In board wargames, a zone of control (ZOC) is the area directly adjacent to certain combat forces that affects the movement and actions of enemy combat units. In hexagonal tiled maps, a combat unit's zone of control is the six hexagons adjacent to the hexagon occupied by a unit.

The effects of zones of control can vary significantly between different wargame rules. The most common effect is that moving combat units must stop when entering an enemy unit's zone of control. This type of zone of control is termed "rigid" zone of control. If movement is not stopped, but only prohibited when moving directly from one zone of control space to another, this is termed "semi-rigid". Rules that slow down (increase movement cost) instead of stopping movement are termed "fluid" or "elastic" zones of control. Rules that prohibit leaving are termed "locking" zones of control.
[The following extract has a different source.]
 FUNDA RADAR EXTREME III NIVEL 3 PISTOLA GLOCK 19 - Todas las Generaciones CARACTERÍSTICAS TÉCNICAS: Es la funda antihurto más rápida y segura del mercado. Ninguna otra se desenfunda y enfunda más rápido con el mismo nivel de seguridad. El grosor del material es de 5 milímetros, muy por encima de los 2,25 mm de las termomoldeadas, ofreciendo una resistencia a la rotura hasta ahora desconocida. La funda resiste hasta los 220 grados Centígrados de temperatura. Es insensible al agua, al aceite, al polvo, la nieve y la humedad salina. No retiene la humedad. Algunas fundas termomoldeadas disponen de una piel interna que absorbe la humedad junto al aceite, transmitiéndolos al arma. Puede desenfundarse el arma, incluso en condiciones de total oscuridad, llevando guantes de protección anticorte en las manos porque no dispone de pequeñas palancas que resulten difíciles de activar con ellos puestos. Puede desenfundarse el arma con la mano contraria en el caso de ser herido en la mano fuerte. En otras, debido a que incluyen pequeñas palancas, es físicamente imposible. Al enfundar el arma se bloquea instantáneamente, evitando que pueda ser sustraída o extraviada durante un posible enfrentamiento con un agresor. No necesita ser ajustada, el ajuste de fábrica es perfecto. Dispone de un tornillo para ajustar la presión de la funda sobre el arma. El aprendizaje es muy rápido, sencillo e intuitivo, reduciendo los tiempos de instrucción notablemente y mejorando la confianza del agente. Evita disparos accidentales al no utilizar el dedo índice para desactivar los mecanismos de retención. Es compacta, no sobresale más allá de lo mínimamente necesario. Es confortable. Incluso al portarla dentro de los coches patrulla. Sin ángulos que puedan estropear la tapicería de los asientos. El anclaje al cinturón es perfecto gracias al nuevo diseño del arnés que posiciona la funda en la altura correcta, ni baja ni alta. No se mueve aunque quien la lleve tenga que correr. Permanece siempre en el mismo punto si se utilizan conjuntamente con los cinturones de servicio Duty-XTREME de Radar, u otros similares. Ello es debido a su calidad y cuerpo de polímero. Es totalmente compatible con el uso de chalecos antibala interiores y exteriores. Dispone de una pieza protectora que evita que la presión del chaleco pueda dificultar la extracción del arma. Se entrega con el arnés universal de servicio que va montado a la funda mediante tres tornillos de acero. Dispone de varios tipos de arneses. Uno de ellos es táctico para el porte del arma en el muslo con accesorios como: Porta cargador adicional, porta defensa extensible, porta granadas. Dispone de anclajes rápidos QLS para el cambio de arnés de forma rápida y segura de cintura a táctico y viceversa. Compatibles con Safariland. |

Some zone of control rules require enemy units must be attacked.

In some games, zones of control may be cancelled by terrain features such as rivers, cities, mountains, the presence of enemy units, or even by enemy zones of control. A couple of wargames even have zones of control partially affect friendly units, representing traffic congestion on nearby roads and access routes. Some games also have zones of control block retreats from combat, or interdict supply lines.

In theory, zones of control represent the military necessity of having to slow down in the presence of the enemy, such as moving off road, dismounting from transport, and moving through cover. In practice, since board wargames are played in turns alternating between the two players, zones of control are used to limit what one player's units can do during their turn while the other player's units are inactive, awaiting their turn. Without zones of control, players could use their fast-moving units to bypass and surround the other players' units without giving them get a chance to react.

Zones of control are also present in some strategy computer games, such as the Civilization series.